# [TASK DATA]
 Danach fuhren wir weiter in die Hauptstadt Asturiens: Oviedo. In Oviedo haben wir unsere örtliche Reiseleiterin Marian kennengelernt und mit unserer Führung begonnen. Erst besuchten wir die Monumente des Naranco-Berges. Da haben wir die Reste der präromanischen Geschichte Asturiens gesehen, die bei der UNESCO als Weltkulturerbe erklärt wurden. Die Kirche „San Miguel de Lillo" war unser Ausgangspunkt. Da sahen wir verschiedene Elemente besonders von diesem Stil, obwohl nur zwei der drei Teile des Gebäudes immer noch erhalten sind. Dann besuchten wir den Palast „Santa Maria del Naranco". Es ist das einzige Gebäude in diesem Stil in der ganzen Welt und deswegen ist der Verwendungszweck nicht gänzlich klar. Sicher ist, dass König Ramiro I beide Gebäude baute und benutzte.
* * *
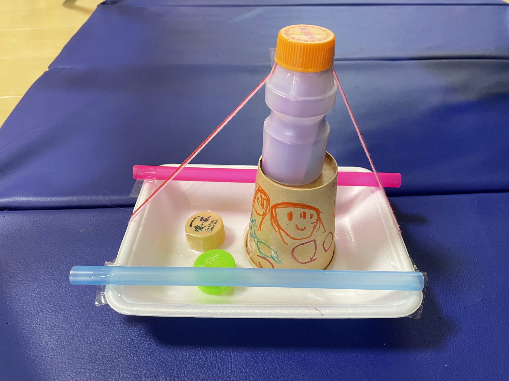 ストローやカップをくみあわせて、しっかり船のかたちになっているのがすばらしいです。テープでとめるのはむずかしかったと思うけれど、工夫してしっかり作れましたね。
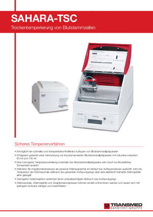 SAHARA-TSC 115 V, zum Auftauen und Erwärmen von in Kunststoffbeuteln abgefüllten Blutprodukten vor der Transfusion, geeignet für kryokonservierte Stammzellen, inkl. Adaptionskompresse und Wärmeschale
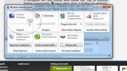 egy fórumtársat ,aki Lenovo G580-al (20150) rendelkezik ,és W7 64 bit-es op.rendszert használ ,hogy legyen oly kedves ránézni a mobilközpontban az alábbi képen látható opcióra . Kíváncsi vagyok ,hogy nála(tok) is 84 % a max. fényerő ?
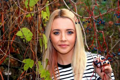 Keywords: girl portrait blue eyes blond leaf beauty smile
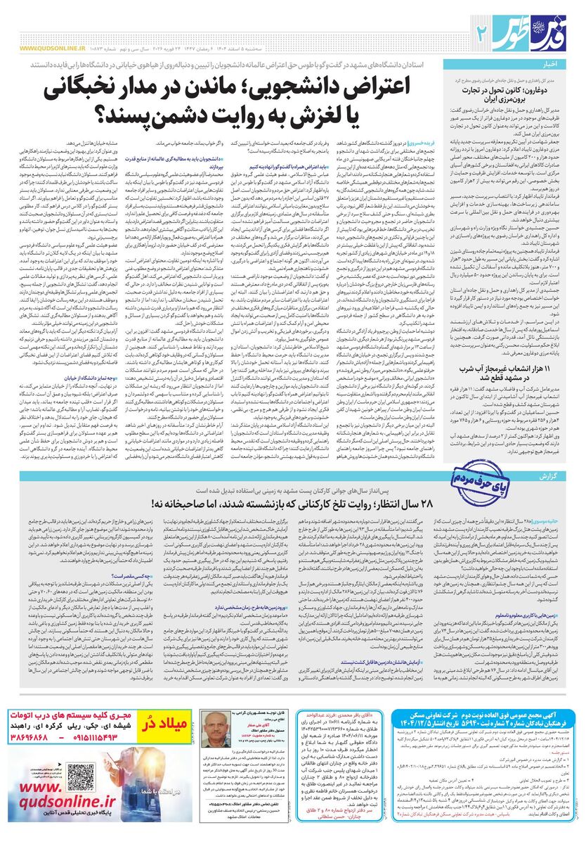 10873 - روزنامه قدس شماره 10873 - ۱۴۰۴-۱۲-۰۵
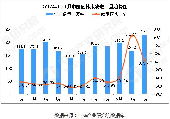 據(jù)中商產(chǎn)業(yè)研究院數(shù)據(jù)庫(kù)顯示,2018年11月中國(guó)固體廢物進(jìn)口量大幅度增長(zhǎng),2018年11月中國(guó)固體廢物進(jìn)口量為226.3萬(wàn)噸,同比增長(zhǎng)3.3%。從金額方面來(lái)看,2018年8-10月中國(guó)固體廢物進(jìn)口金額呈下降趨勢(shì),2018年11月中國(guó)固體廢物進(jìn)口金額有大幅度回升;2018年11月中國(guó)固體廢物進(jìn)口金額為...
* * *
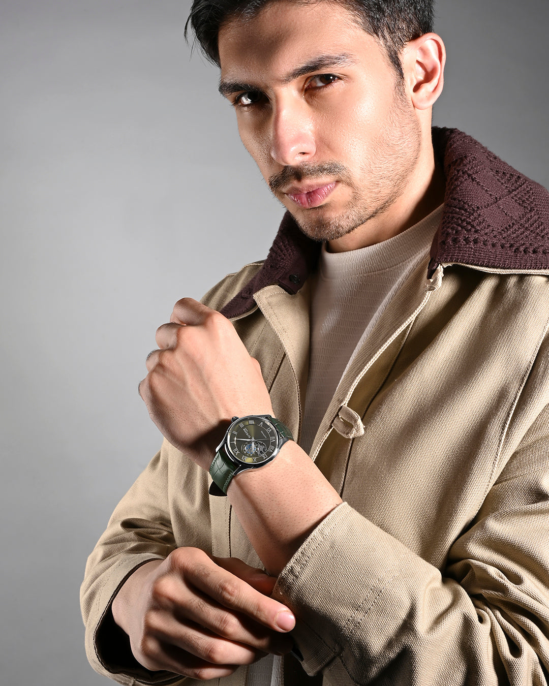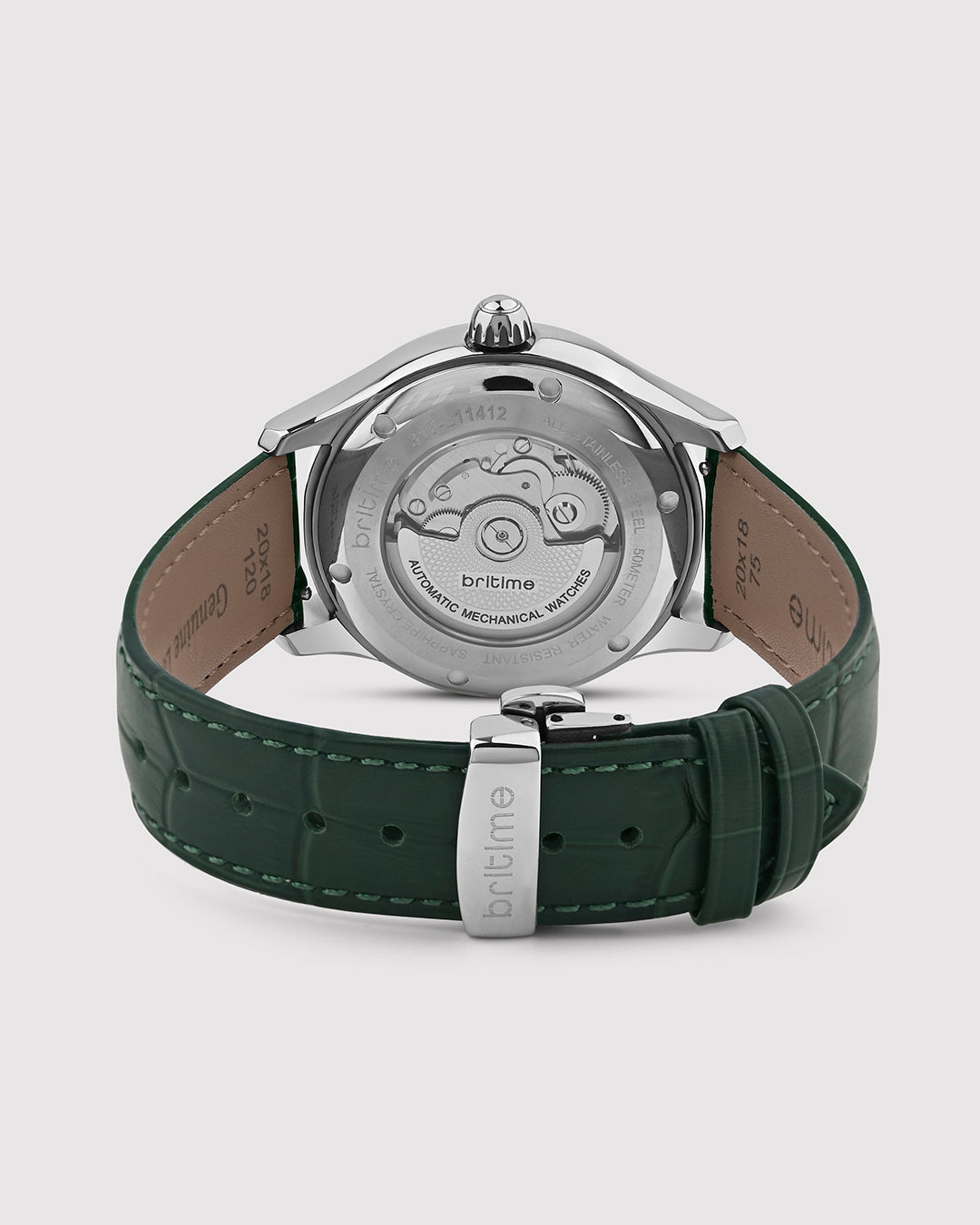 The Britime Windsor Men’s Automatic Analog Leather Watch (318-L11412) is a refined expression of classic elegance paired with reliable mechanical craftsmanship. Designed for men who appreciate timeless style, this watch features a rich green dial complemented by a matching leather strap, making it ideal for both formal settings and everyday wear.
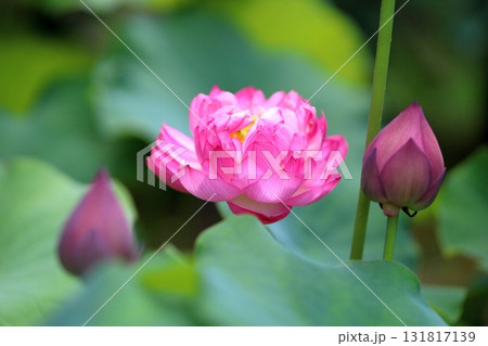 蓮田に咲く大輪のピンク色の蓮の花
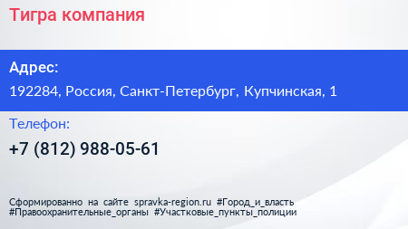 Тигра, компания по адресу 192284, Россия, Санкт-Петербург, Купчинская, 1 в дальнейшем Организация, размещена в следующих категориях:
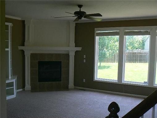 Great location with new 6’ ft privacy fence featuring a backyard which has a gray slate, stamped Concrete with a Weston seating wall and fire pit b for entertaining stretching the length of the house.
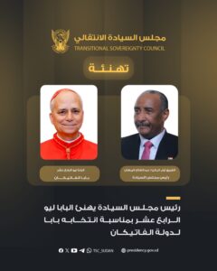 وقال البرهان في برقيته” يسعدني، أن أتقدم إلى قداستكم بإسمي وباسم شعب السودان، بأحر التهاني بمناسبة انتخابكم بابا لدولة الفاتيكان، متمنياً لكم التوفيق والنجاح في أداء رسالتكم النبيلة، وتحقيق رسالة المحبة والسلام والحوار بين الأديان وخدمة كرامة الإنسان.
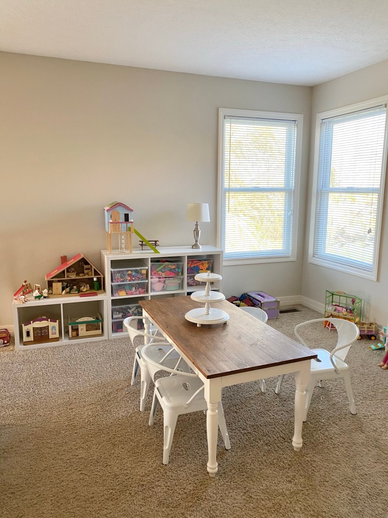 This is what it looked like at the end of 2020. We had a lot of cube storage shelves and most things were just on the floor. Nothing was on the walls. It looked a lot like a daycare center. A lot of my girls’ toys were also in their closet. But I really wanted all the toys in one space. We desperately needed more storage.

# [DESCRIPTION OF THE TASK]
Using the records above, print exactly the run of lines that starts with the line with "10873 - روزنامه قدس شماره 10873 - ۱۴۰۴-۱۲-۰۵" and goes on through the line with "據(jù)中商產(chǎn)", pictures excluded.

# [ANSWER TO THIS PROBLEM]
 10873 - روزنامه قدس شماره 10873 - ۱۴۰۴-۱۲-۰۵
 據(jù)中商產(chǎn)業(yè)研究院數(shù)據(jù)庫(kù)顯示,2018年11月中國(guó)固體廢物進(jìn)口量大幅度增長(zhǎng),2018年11月中國(guó)固體廢物進(jìn)口量為226.3萬(wàn)噸,同比增長(zhǎng)3.3%。從金額方面來(lái)看,2018年8-10月中國(guó)固體廢物進(jìn)口金額呈下降趨勢(shì),2018年11月中國(guó)固體廢物進(jìn)口金額有大幅度回升;2018年11月中國(guó)固體廢物進(jìn)口金額為...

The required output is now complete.